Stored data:

+ + + + + + +

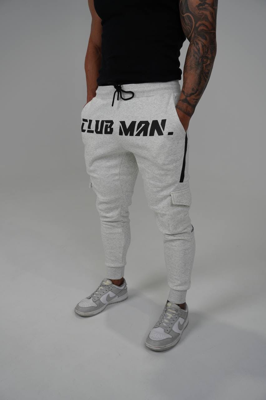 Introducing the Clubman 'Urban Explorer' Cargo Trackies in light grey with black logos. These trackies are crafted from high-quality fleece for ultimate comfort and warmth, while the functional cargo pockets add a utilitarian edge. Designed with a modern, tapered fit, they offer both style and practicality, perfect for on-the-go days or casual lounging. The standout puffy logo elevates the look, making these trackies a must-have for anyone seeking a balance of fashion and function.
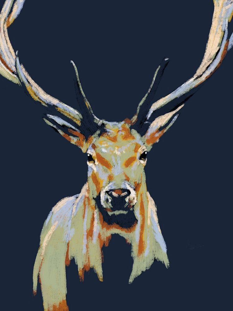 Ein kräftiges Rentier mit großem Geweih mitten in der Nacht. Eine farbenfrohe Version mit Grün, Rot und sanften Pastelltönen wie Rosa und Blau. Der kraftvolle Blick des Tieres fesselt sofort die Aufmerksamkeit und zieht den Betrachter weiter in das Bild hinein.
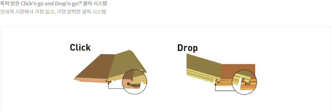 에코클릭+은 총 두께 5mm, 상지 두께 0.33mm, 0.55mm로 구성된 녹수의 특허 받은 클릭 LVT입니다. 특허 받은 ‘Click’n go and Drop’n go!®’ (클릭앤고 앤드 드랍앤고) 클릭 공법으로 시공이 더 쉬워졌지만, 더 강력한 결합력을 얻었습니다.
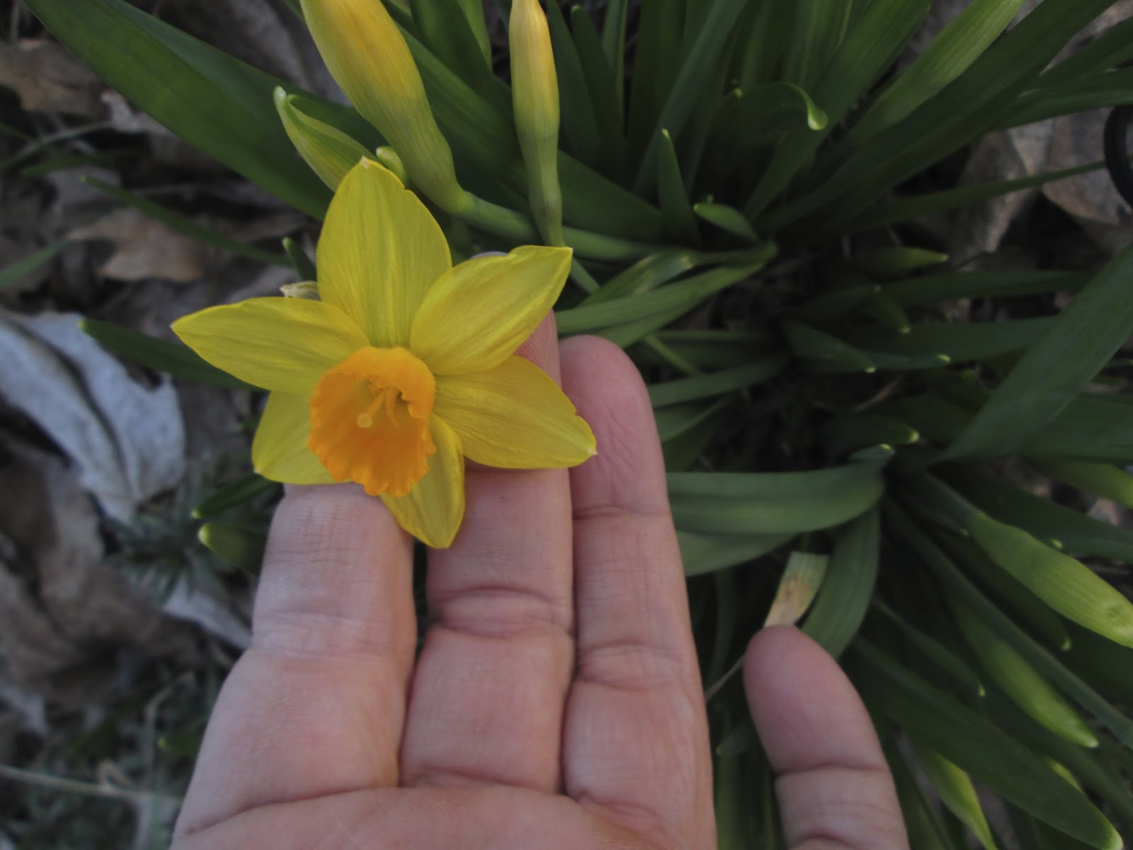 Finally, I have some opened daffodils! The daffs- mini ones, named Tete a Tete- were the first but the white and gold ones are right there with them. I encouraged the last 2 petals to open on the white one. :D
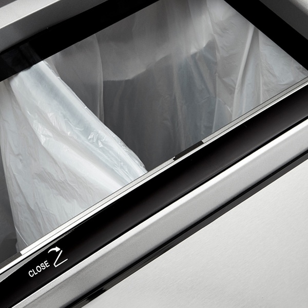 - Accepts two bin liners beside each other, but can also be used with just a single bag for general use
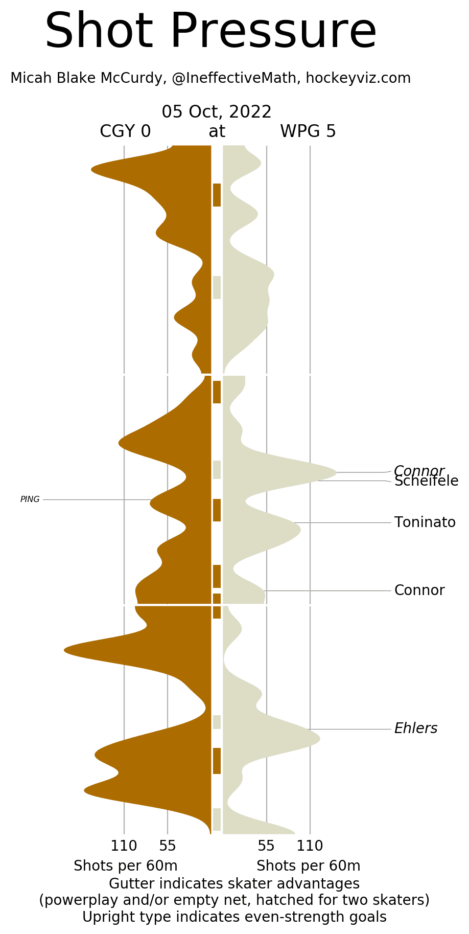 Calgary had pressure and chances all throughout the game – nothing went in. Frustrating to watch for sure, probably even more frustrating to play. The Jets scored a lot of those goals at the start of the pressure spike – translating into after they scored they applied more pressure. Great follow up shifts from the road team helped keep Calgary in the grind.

+ + + + + + +

• _YOUR TASK_: The line that contains "- Accepts two" opens the part to copy, and the last line of the records closes it; set down those lines exactly, pictures excluded.

• _OUTPUT FOR THIS EXERCISE_:
 - Accepts two bin liners beside each other, but can also be used with just a single bag for general use
 Calgary had pressure and chances all throughout the game – nothing went in. Frustrating to watch for sure, probably even more frustrating to play. The Jets scored a lot of those goals at the start of the pressure spike – translating into after they scored they applied more pressure. Great follow up shifts from the road team helped keep Calgary in the grind.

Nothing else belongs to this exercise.